→ **DATA LISTING**
<<<<
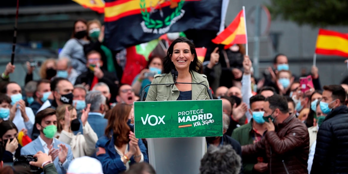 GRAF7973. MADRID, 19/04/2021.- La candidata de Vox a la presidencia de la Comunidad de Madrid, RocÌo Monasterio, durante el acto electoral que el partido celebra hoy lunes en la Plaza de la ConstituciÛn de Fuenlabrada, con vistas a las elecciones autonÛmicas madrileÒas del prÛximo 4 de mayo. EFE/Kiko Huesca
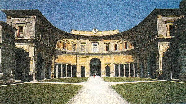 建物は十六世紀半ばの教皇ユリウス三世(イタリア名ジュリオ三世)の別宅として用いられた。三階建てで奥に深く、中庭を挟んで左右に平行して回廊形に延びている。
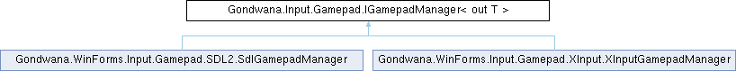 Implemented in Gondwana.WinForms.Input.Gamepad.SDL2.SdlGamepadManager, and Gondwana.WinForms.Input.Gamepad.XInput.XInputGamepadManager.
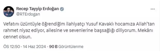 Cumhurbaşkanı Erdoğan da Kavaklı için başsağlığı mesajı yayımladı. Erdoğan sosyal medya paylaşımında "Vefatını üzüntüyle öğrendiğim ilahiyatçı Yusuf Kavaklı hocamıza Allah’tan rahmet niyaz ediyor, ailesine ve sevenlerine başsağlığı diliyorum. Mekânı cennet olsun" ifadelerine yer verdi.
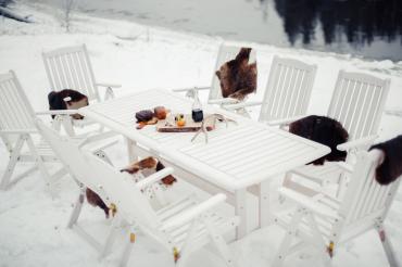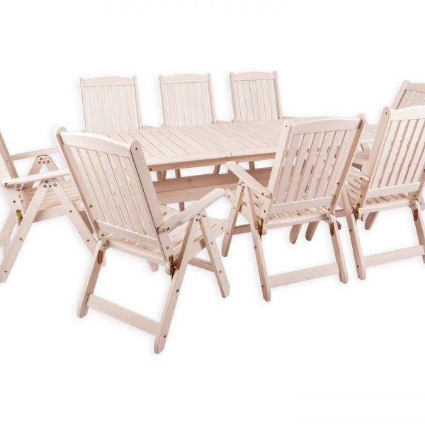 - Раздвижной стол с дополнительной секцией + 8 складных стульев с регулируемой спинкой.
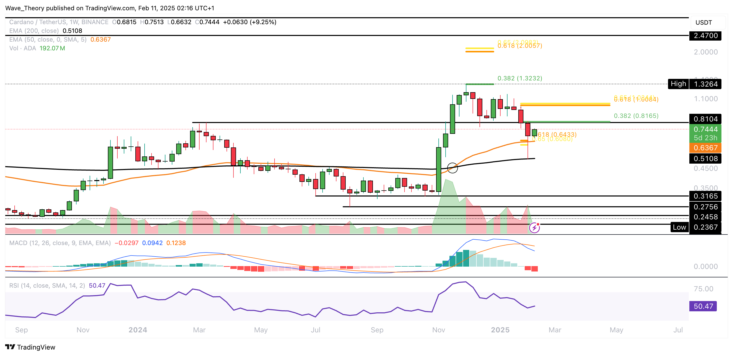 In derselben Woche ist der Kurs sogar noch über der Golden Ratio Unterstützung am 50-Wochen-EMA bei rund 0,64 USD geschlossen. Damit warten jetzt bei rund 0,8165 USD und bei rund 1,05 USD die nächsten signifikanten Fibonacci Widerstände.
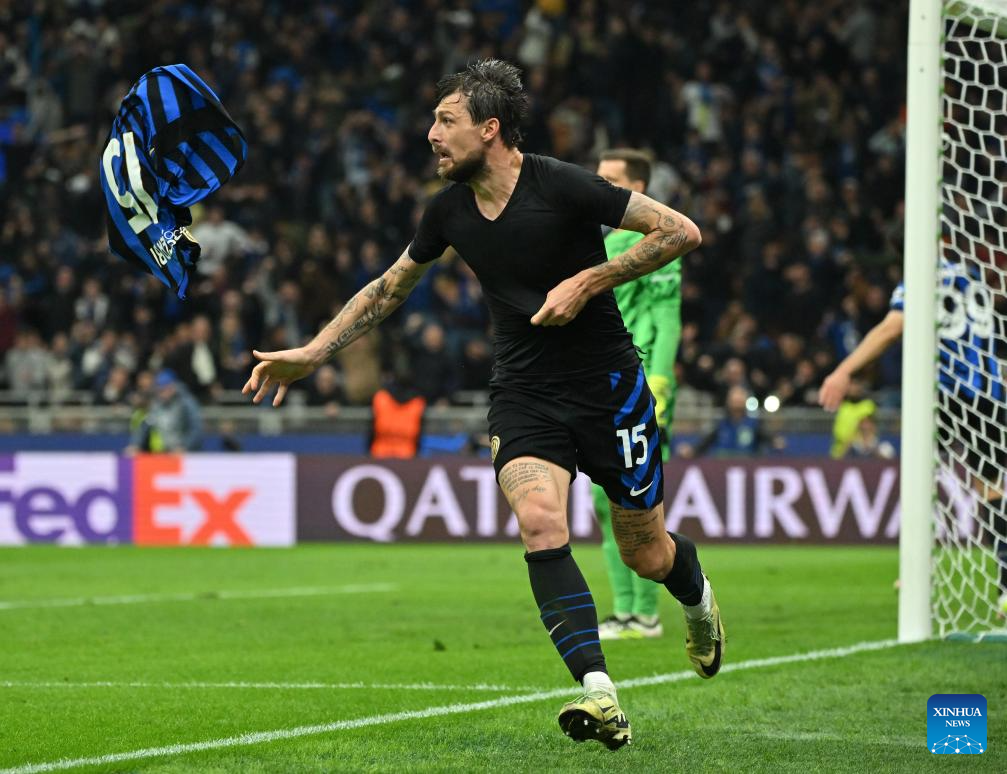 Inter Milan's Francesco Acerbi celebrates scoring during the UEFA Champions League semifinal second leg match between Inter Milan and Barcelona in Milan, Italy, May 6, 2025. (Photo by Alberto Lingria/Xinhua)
>>>>
<<<<
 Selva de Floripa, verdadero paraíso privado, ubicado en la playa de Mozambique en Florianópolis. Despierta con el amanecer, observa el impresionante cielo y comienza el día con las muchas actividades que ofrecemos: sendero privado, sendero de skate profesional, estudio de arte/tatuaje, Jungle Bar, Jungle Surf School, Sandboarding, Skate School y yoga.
>>>>
<<<<
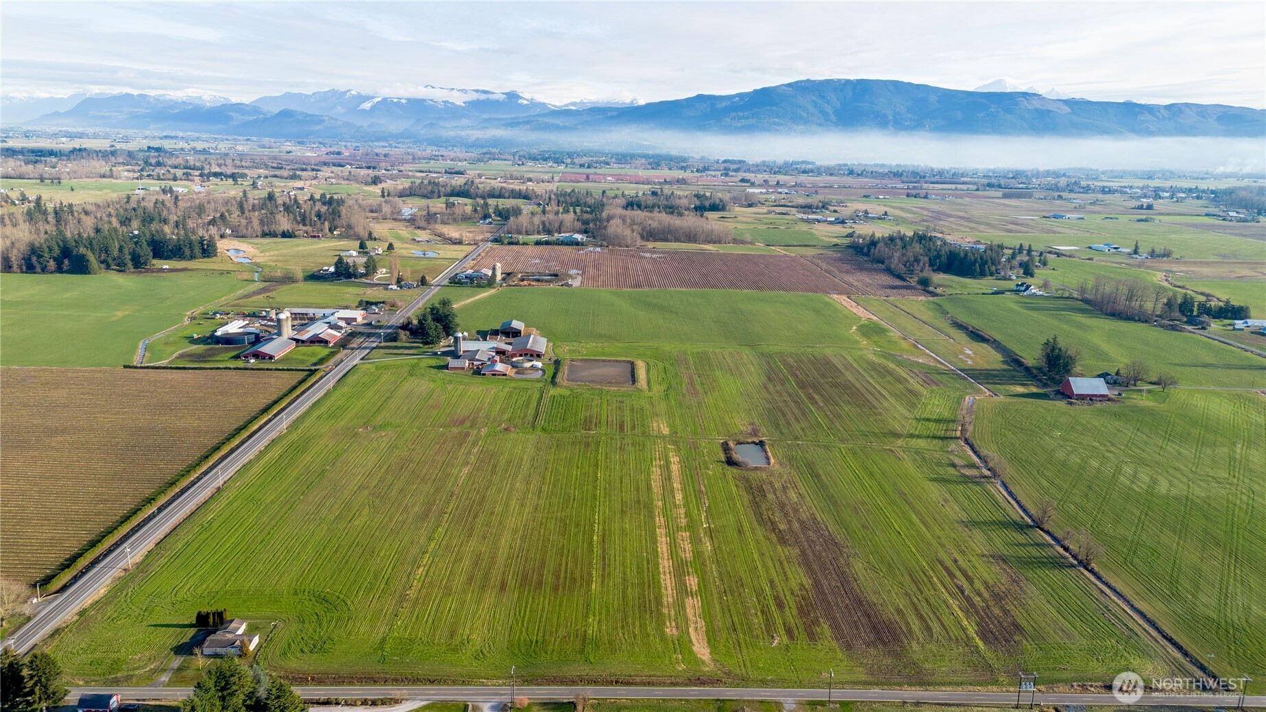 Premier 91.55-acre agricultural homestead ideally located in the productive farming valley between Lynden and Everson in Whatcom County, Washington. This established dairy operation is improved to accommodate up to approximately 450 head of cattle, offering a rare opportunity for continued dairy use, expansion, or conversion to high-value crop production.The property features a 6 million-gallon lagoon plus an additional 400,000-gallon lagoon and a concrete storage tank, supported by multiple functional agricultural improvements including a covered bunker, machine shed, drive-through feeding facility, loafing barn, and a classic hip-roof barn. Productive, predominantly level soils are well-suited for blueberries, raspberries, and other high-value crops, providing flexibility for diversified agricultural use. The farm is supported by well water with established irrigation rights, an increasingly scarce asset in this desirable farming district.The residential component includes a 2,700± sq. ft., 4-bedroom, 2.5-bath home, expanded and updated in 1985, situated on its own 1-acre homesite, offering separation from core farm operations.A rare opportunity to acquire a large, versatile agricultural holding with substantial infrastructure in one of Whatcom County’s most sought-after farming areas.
>>>>
→ **EXERCISE REQUIREMENTS**
Copy nothing but the lines above from the one with "GRAF7973. MADRID, 19/04/2021.- La" to the one with "Inter Milan's Francesco", inclusive, word for word. Leave every picture out.

→ **ANSWER SECTION**
 GRAF7973. MADRID, 19/04/2021.- La candidata de Vox a la presidencia de la Comunidad de Madrid, RocÌo Monasterio, durante el acto electoral que el partido celebra hoy lunes en la Plaza de la ConstituciÛn de Fuenlabrada, con vistas a las elecciones autonÛmicas madrileÒas del prÛximo 4 de mayo. EFE/Kiko Huesca
 建物は十六世紀半ばの教皇ユリウス三世(イタリア名ジュリオ三世)の別宅として用いられた。三階建てで奥に深く、中庭を挟んで左右に平行して回廊形に延びている。
 Implemented in Gondwana.WinForms.Input.Gamepad.SDL2.SdlGamepadManager, and Gondwana.WinForms.Input.Gamepad.XInput.XInputGamepadManager.
 Cumhurbaşkanı Erdoğan da Kavaklı için başsağlığı mesajı yayımladı. Erdoğan sosyal medya paylaşımında "Vefatını üzüntüyle öğrendiğim ilahiyatçı Yusuf Kavaklı hocamıza Allah’tan rahmet niyaz ediyor, ailesine ve sevenlerine başsağlığı diliyorum. Mekânı cennet olsun" ifadelerine yer verdi.
 - Раздвижной стол с дополнительной секцией + 8 складных стульев с регулируемой спинкой.
 In derselben Woche ist der Kurs sogar noch über der Golden Ratio Unterstützung am 50-Wochen-EMA bei rund 0,64 USD geschlossen. Damit warten jetzt bei rund 0,8165 USD und bei rund 1,05 USD die nächsten signifikanten Fibonacci Widerstände.
 Inter Milan's Francesco Acerbi celebrates scoring during the UEFA Champions League semifinal second leg match between Inter Milan and Barcelona in Milan, Italy, May 6, 2025. (Photo by Alberto Lingria/Xinhua)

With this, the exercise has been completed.